JPMorgan maintained its Overweight rating on Ping An (02318.HK) after the insurer’s core earnings rose 7.6% and life insurance sales grew 20.8% in the first quarter.
The report from JPMorgan, which hosted the insurer at its Asia Insurance Forum, highlighted the solid performance and potential for sustained double-digit growth in new business value for the full year.
The bank's analysis pointed to robust solvency, with Ping An Life’s core adequacy ratio at 131% and Ping An Property & Casualty at 172%, both far exceeding the 50% regulatory floor. The price target was held at HKD90.
JPMorgan believes Ping An's improved asset-liability management and a shift away from interest rate-sensitive products will ensure earnings resilience and support its dividend, a key factor for investors.
Solvency and Growth Underpin Thesis
According to the report, Ping An's asset management segment is no longer expected to be a drag on core earnings growth this year.

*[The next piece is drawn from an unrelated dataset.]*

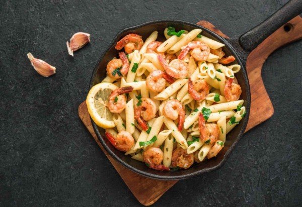 Penne com camarão e limão

The bank sees the expansion of participating insurance policy sales as a key factor that will help the company's contractual service margin (CSM) absorb investment volatility, ensuring more resilient earnings.
The strong capital position is a cornerstone of the bullish thesis. With solvency ratios well above the regulatory minimums, JPMorgan noted the company has a solid foundation for both sustained business growth and continued dividend distributions to shareholders. This contrasts with a sector that has faced pressure from volatile markets, with peer China Life (02628.HK) also navigating the challenging environment.
The positive assessment from a major investment bank could bolster investor confidence in Ping An and the broader Chinese insurance sector. Investors will be watching for continued execution on new business growth in the upcoming quarters.
This article is for informational purposes only and does not constitute investment advice.